On reading a recent post by Ed Dolan at Economonitor with some evidence of the lack of a strong Phillips relationship for consumer-price inflation in US data, it occurred to me to try a measure of total compensation per hour with recent data. The wage relationship estimated over all available quarters, using averaged monthly observations for the civilian unemployment rate, is shown above, with a scatter plot and an estimated regression line. Like the relationship estimated by Dolan, the regression line above suffers from a rather loose fit (constant: 6.87; slope coefficient: -.29; R-squared = .02). A complete explanation of inflation is complicated and of course also involves other costs, including raw materials such as fuel. The latter costs are subject of course to “cost-push”-type inflation at times, as are wages. Exchange rates of course affect these costs.

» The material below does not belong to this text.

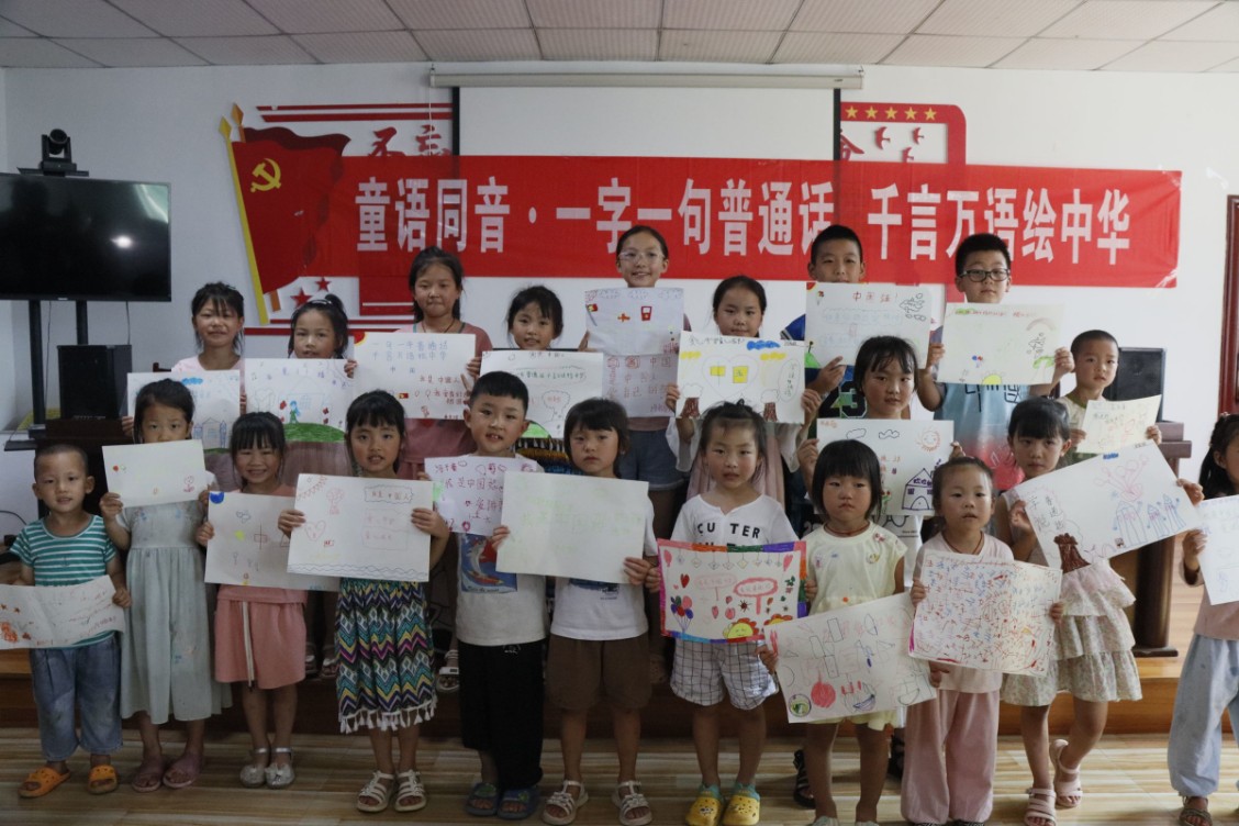 課堂在村委會會議室舉行,志愿者們通過多種創(chuàng)意的教學環(huán)節(jié),讓普通話學習變得生動活潑。課堂內(nèi)容包括學習拼音字母、論語解析、課堂朗誦以及趣味繪畫教學等,以趣味性和互動性為主要特點,吸引小朋友們的興趣。本次課堂的主講人是志愿者代表張秋玲,她以獨特的親和力與小朋友們迅速建立了聯(lián)系,成功調(diào)動了小朋友們的學習積極性。

A time series graph below displays both series over the entire sample period, 1948q1 to 2014q1. As some have observed, the exceedingly high unemployment rates of the post-financial-crisis era (blue line) have resulted in very weak or negative compensation growth rates (red line). The latter are not adjusted for inflation in the figures, since we are focusing on nominal data in this post. The downward trend in nominal wage growth in the right side of the figure (red line) helps to explain recent declines in the so-called wage share, which measures the fraction of national income going to labor costs. (However, see this New York Times article for some evidence that falling unemployment is beginning to bring some inflation-adjusted wage growth to parts of the US.)
By the way, if inflation were to become a large problem (and it seems well-contained now), non-recessionary methods exist to try to alleviate it. Even where the Phillips-curve relationship is strong, the human costs of using it to combat inflation are usually very high, given the existence of alternative policies that could perhaps be given a try in the US.